Si conclude così lo stimolante confronto con Paolo Fresutrombettista e flicornista d’eccellenza, attivo oggi con una miriade di progetti che lo vedono impegnato per oltre duecento concerti all’anno, pressoché in ogni parte del globo. E proprio quell’universo mondo, l’artista di Berchidda lo gira in lungo e in largo, e lo attraversa con musicisti ogni volta diversi, ma con lo stesso strabiliante potere dell’“incantamento” negli occhi e nel fiato… al suono caldo del jazz. 

«”Vinodentro”, al Teatro Antico di Taormina, è un progetto con un’orchestra d’archi; il giorno dopo sarò in Francia col “Quintetto”, per una “lettura classica”; poi parto per il Sud Africa con un musicista cubano e un musicista indiano… Sono esempi di tre tipologie di cose del tutto separate… Il rischio – certo – è quello di non riconoscersi più, di perdersi in questo bailamme di progetti… ma a me piace molto perdermi e la salvezza sta proprio nella possibilità, che ho, di esplorare mondi completamente diversi.»

L’Aquila, 6 settembre 2015. “Giornata storica” di ricostruzione: 600 musicisti italiani, con 110 concerti, su 18 palcoscenici, in 12 ore… A conti fatti, qual è l’immagine che Paolo Fresu si porta dentro di quell’esperienza?

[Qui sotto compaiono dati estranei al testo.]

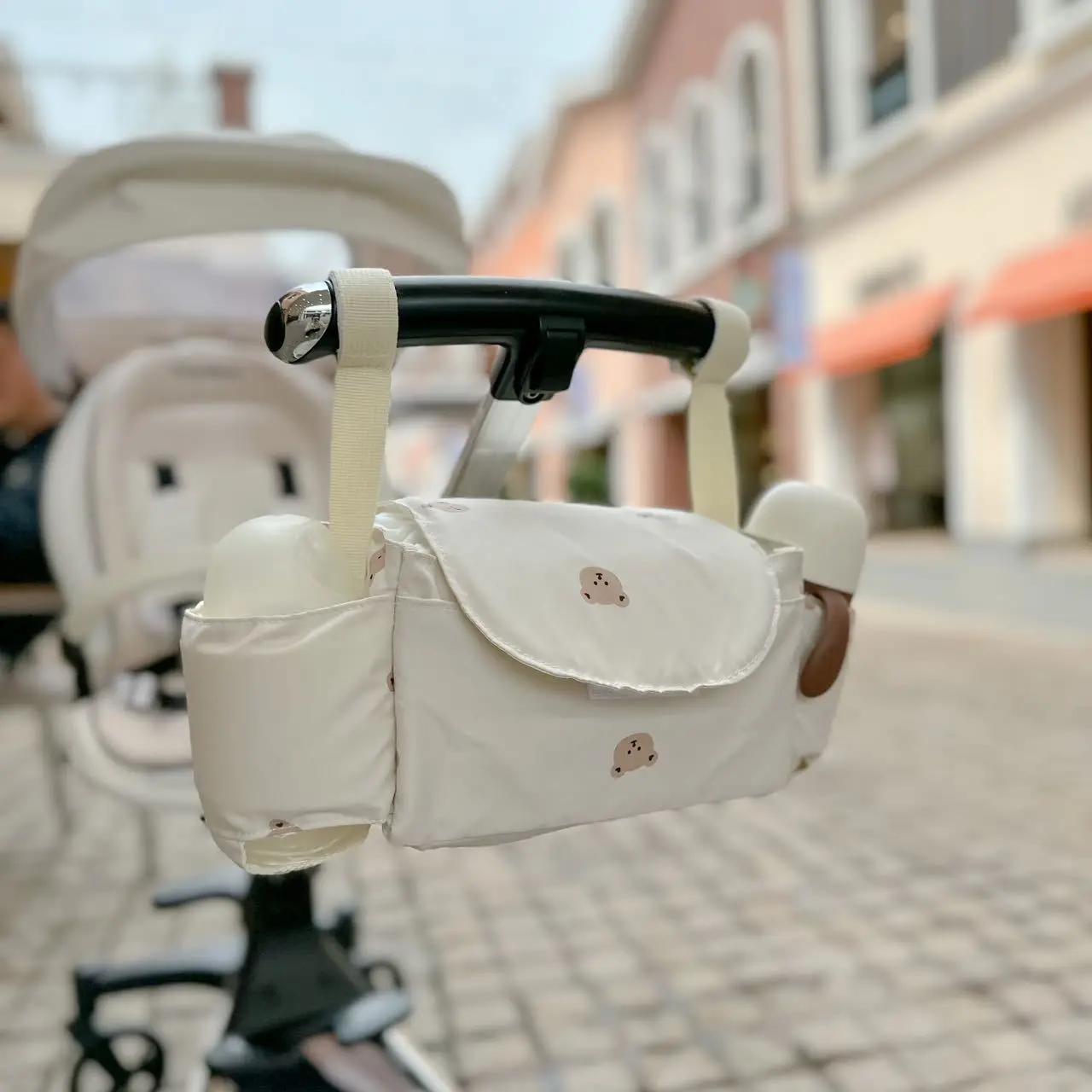 패셔너블한 유모차 수납 가방, 귀여운 테디 베어 머리 자수 유모차 가방, 유모차 걸이형 수납 가방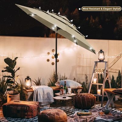 Custom Logo Outdoor Cafe Garden Beach Patio Zonneparaplu met 3 Tiers en LED-lichten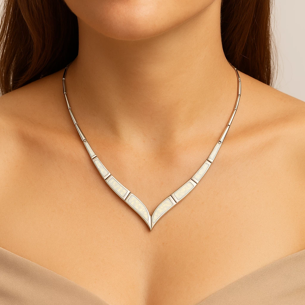 Elegantní stříbrný náhrdelník zdobený kameny modrého či bílého opálu v řeckém stylu bude zaručeně nepřehlednutelným šperkem u každé ženy či dívky. Opálové odlesky mají mimořádně krásný třpyt.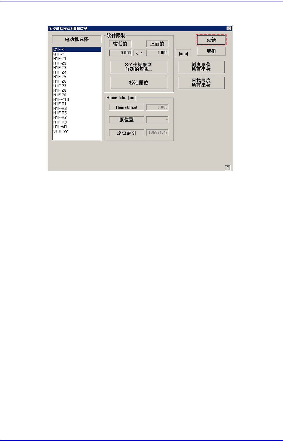 4. 点击<FIND LIMIT ALL AXIS> 按钮。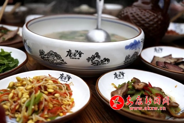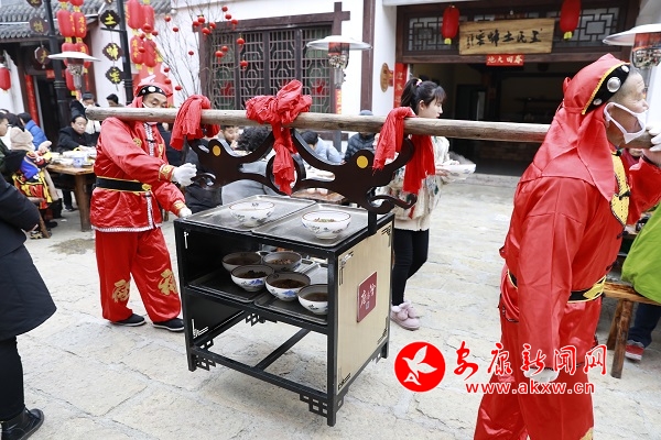 庖湯會(huì)的重點(diǎn)是吃“庖湯宴”。下午四點(diǎn),庖湯宴正式開席。賓客8人一組圍桌而坐,28道石泉庖湯宴美食依次登場上桌,說菜人口吐蓮花,菜越說越香;酒歌高亢,越喝越暖;競?cè)ち,秦巴漢子劃出豪邁風(fēng)采;作坊小鎮(zhèn)聲動(dòng)震天,年味香飄十里。

«L’Aquila… ancora non riesco a metabolizzarla, è stata una giornata alquanto straordinaria per la città e per il nostro jazz. Ha portato 60mila persone nelle strade, chiese, piazze… un’esperienza davvero emozionante, indimenticabile. Una giornata storica che si offre a molti significati diversi e pone un punto fermo: il 4 settembre del prossimo anno cercheremo di bissarla… Quanto all’immagine che mi porto adesso, è triplice. Una è quella di due giorni prima, quando siamo arrivati a L’Aquila. La sera siamo andati a cena ed era un’immagine quasi spettrale, di una città completamente svuotata, con questo cantiere a cielo aperto… L’altra, ovviamente, è l’immagine di domenica, straordinaria: le 60mila persone, la gioia di condividere il nostro jazz, la musica e… le strette di mano degli aquilani… non riuscivo più a camminare, perché, a ogni movimento, c’era sempre qualcuno lì a dirci: “Grazie!”. Infine, l’immagine del giorno dopo ancora… quando, facendo un ultimo giro, poco prima di partire, ho rivisto la città così come mi si era presentata dinanzi all’arrivo, ma con la sensazione che fosse cambiato qualcosa… Ecco, ci piace pensare che il 6 settembre 2015 abbia aggiunto una pietra alla ricostruzione.»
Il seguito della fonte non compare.